_Source information_:
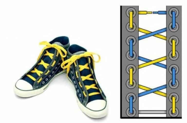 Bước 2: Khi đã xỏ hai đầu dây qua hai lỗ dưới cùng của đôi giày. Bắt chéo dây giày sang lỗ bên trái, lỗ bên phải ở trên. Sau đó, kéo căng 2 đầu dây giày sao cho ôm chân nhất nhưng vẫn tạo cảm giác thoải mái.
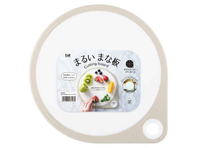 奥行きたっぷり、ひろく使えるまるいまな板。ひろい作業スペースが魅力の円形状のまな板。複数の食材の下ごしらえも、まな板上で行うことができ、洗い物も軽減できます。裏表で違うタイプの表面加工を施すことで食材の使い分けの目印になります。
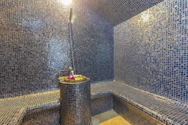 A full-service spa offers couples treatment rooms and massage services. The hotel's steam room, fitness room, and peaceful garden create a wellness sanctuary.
--
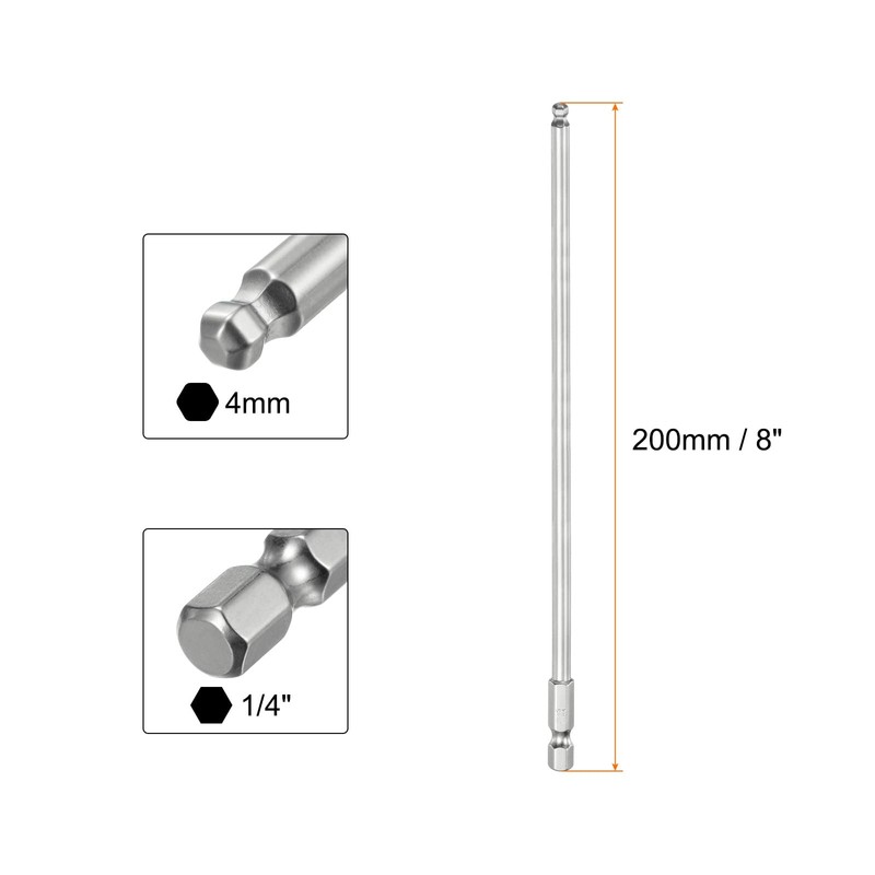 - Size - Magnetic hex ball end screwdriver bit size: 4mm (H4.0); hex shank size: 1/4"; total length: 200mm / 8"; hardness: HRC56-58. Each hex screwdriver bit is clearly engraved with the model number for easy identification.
* * *
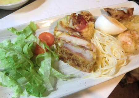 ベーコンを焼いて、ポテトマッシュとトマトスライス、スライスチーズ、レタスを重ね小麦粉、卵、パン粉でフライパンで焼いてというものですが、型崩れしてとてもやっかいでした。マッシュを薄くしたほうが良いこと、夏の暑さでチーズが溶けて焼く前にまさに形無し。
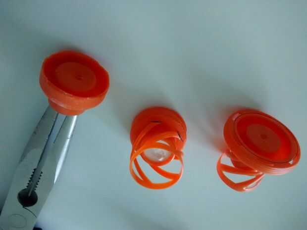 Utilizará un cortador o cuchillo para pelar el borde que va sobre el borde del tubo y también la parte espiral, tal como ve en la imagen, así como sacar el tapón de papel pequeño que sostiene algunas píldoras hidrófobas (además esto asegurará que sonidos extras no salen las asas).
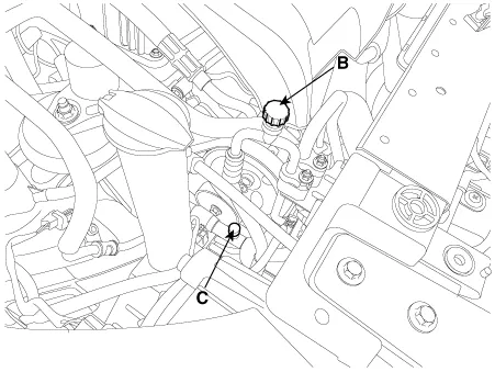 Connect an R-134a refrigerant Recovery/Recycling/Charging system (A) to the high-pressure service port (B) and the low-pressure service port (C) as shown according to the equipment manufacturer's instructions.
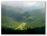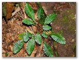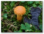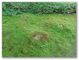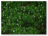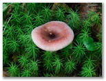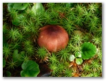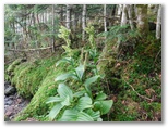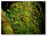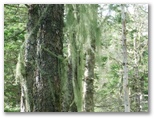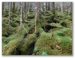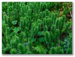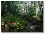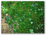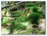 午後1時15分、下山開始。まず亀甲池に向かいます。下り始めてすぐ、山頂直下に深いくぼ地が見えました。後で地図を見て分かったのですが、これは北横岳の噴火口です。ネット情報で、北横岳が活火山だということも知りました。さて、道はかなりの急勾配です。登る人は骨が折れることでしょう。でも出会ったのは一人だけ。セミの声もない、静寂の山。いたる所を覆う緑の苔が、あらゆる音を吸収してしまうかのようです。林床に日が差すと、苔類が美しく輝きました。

_What to do_:
Skipping every picture, transcribe exactly the lines above from the one containing "Utilizará un cortador" through the one containing "午後1時15分、下山開始。ま", both included.

_Answer area_:
 Utilizará un cortador o cuchillo para pelar el borde que va sobre el borde del tubo y también la parte espiral, tal como ve en la imagen, así como sacar el tapón de papel pequeño que sostiene algunas píldoras hidrófobas (además esto asegurará que sonidos extras no salen las asas).
 Connect an R-134a refrigerant Recovery/Recycling/Charging system (A) to the high-pressure service port (B) and the low-pressure service port (C) as shown according to the equipment manufacturer's instructions.
 午後1時15分、下山開始。まず亀甲池に向かいます。下り始めてすぐ、山頂直下に深いくぼ地が見えました。後で地図を見て分かったのですが、これは北横岳の噴火口です。ネット情報で、北横岳が活火山だということも知りました。さて、道はかなりの急勾配です。登る人は骨が折れることでしょう。でも出会ったのは一人だけ。セミの声もない、静寂の山。いたる所を覆う緑の苔が、あらゆる音を吸収してしまうかのようです。林床に日が差すと、苔類が美しく輝きました。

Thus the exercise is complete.